Fascial Layer Specific Hydromanipulation
What is Fascial Layer Specific Hydromanipulation (FLuSH) Technique?
Fascial Layer Specific Hydromanipulation (FLuSH) is a novel technique developed by Dr. Wang to diagnose and treat myofascial pain. The FLuSH technique involves using ultrasound guidance to inject approximately 0.5 mL of normal saline into a specific fascial layer of the myofascial unit. The term “hydromanipulation” differentiates this technique from “hydrodissection”, a technique used to treat nerve entrapments. The pressure of the injectate is used to open the deep fascia from the superficial fascia and the underlying muscle. In the deep fascia, the same process is repeated with the needle targeting the hypoechoic extracellular matrix layers between organized fascia layers. The injectate is used to incrementally separate the soft tissues in front of the needle. In the muscle and superficial fascia, a similar process is used to disperse saline to dilute aggregates in areas of stiffness corresponding to changes that are seen under elastography.

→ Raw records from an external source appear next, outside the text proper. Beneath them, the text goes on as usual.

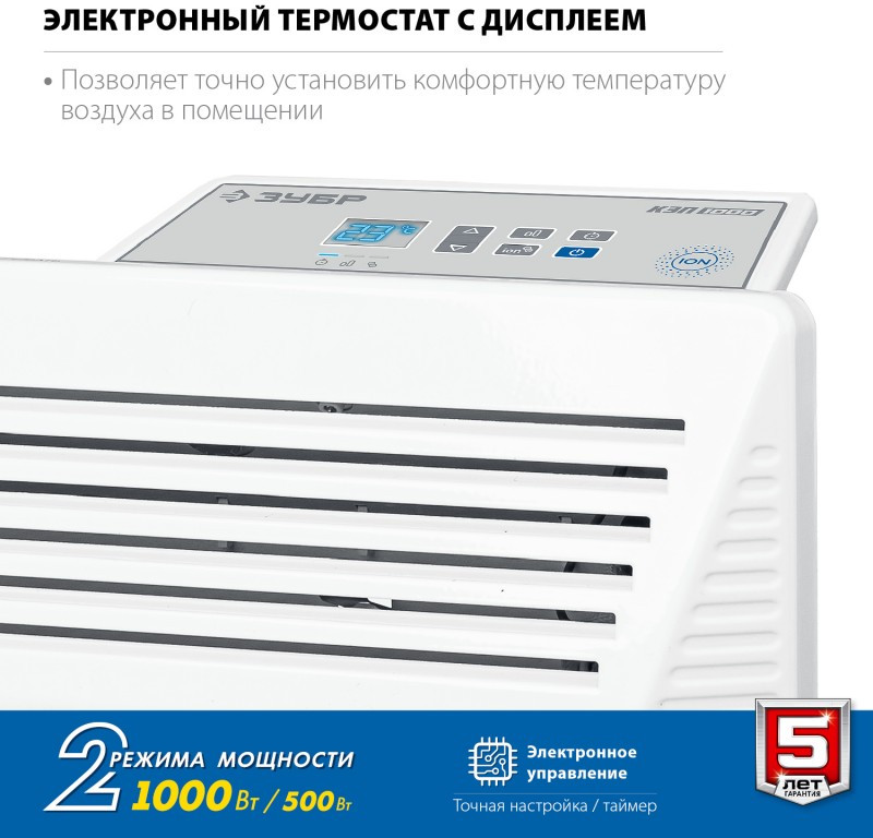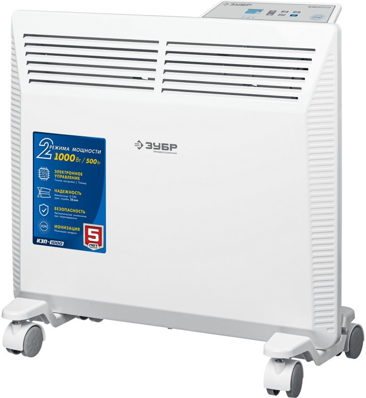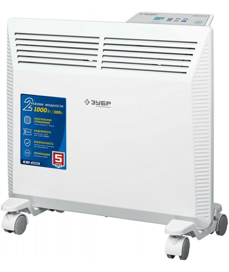 - Электрический конвектор ЗУБР ПРОФЕССИОНАЛ мощностью 1000 Вт - подойдет для обогрева любых домашних и офисных помещений площадью до 15 м2. Электронный терморегулятор и ионизация воздуха обеспечит равномерный нагрев помещения и создаст неповторимую атмосферу комфорта.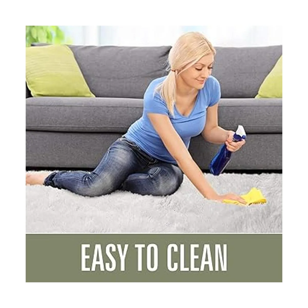 Instrucciones de mantenimiento: esta alfombra esponjosa está hecha de fibra de poliéster segura y resistente a las manchas, simplemente aspira con una aspiradora de baja potencia; para una limpieza más profunda, limpia la mancha con jabón suave y agua y seca al aire a temperatura ambiente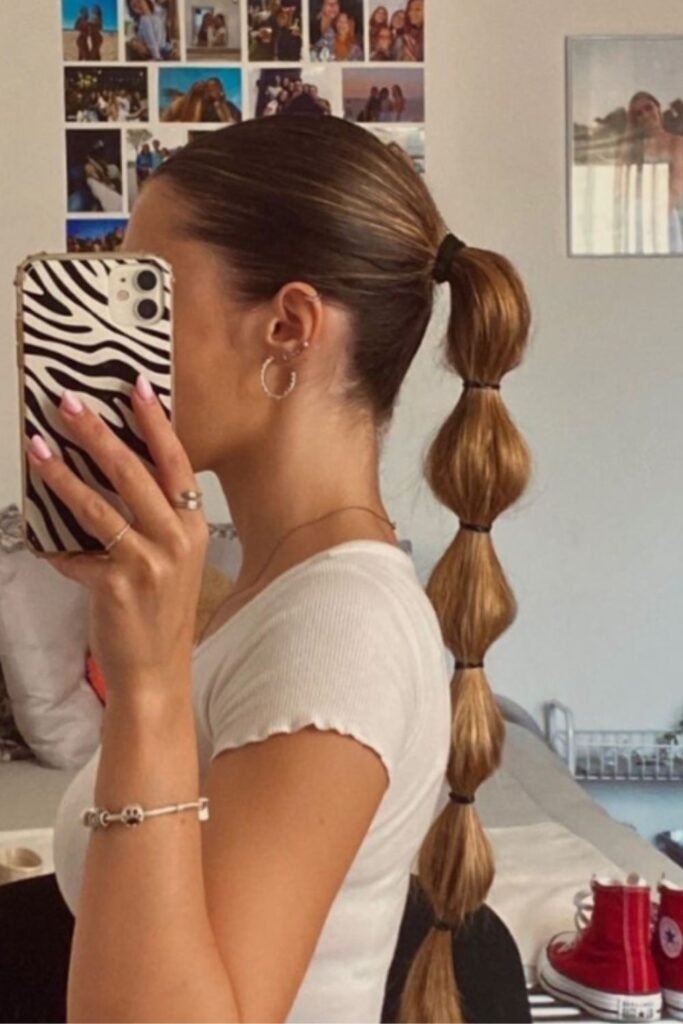 Take your bubble ponytail and level it up with bows. Add little clips to each section for a look that’s playful, bold, and impossible to ignore.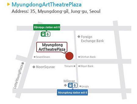 明洞藝術劇場廣場:地鐵2號線乙支路入口站6號出口,地鐵4號線明洞站6號出口(明洞商圈正中間)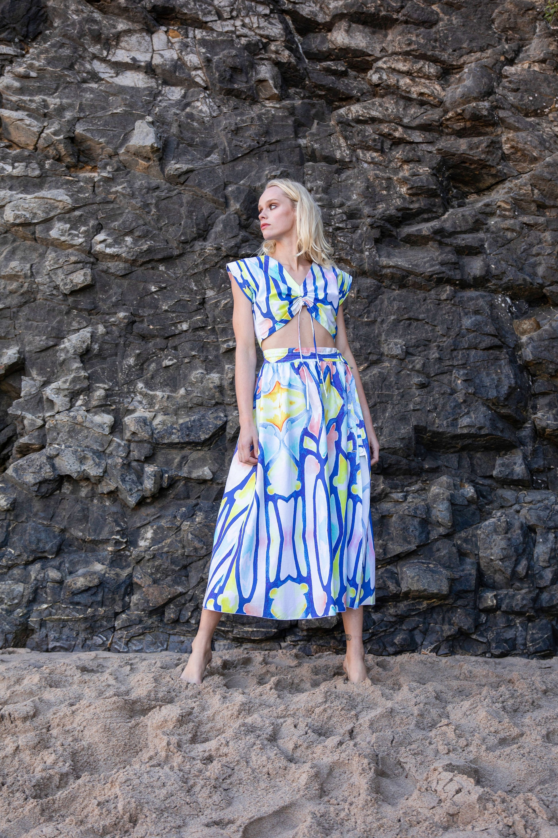 The dress to wear all summer long. Crafted in cotton poplin with a braided soft halter neckline. Features a sexy open back and pockets with detailed straps at the front.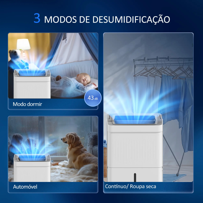 3 modos de funcionamento: Automático, Sono e Secagem contínua
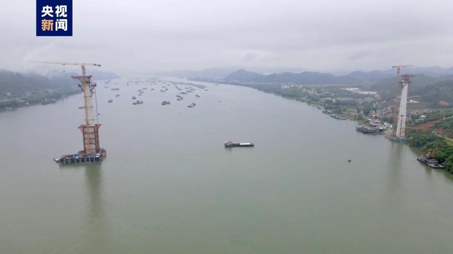 7月28日,在广西苍容浔江大桥施工现场,牵引船拽拉着先导索,从中塔分别牵引至南北边塔,三座主塔首次实现“牵手”。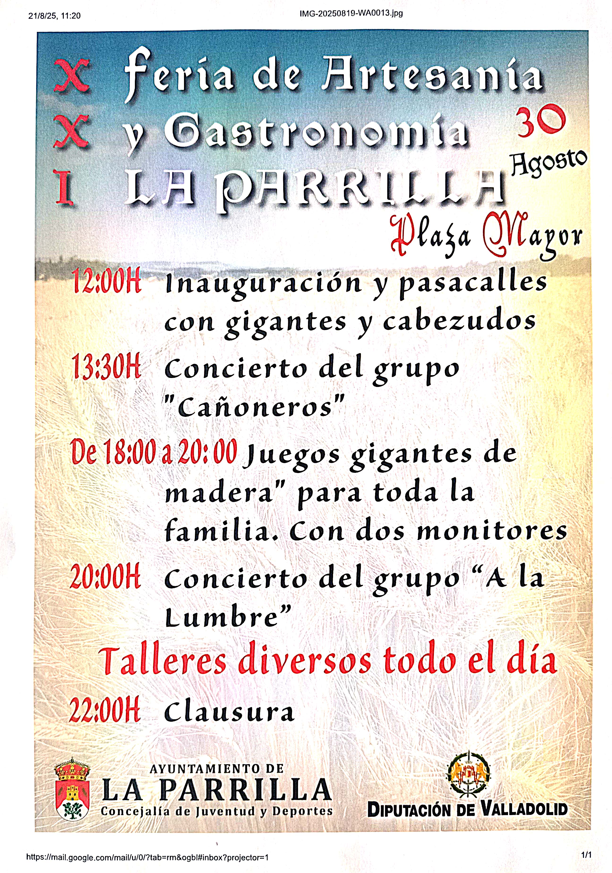 Os recordamos a todos la cita que tenemos a la 12:00 del mediodía para dar pistoletazo de salida a la XXI Edición de La feria de artesanía .

The published results are reported in the peer reviewed medical journal Medicina: Myofascial Injection Using Fascial Layer-Specific Hydromanipulation Technique (FLuSH) and the Delineation of Multifactorial Myofascial Pain
Background and objectives: The aims of this study were to delineate the contribution of specific fascial layers of the myofascial unit to myofascial pain and introduce the use of ultrasound-guided fascial layer-specific hydromanipulation (FLuSH) as a novel technique in the treatment of myofascial pain. Materials and Methods: The clinical data of 20 consecutive adult patients who underwent myofascial injections using FLuSH technique for the treatment of myofascial pain were reviewed. The FLuSH technique involved measuring the pain pressure threshold using an analog algometer initially and after each ultrasound guided injection of normal saline into the specific layers of the myofascial unit (superficial fascia, deep fascia, or muscle) in myofascial points corresponding with Centers of Coordination/Fusion (Fascial Manipulation®). The outcome measured was the change in pain pressure threshold after injection of each specific fascial layer. Results: Deep fascia was involved in 73%, superficial fascia in 55%, and muscle in 43% of points. A non-response to treatment of all three layers occurred in 10% of all injected points. The most common combinations of fascial layer involvement were deep fascia alone in 23%, deep fascia and superficial fascia in 22%, and deep fascia and muscle in 18% of injected points. Each individual had on average of 3.0 ± 1.2 different combinations of fascial layers contributing to myofascial pain. Conclusions: The data support the hypothesis that multiple fascial layers are responsible for myofascial pain. In particular, for a given patient, pain may develop from discrete combinations of fascial layers unique to each myofascial point. Non-response to treatment of the myofascial unit may represent a centralized pain process. Adequate treatment of myofascial pain may require treatment of each point as a distinct pathologic entity rather than uniformly in a given patient or across patients.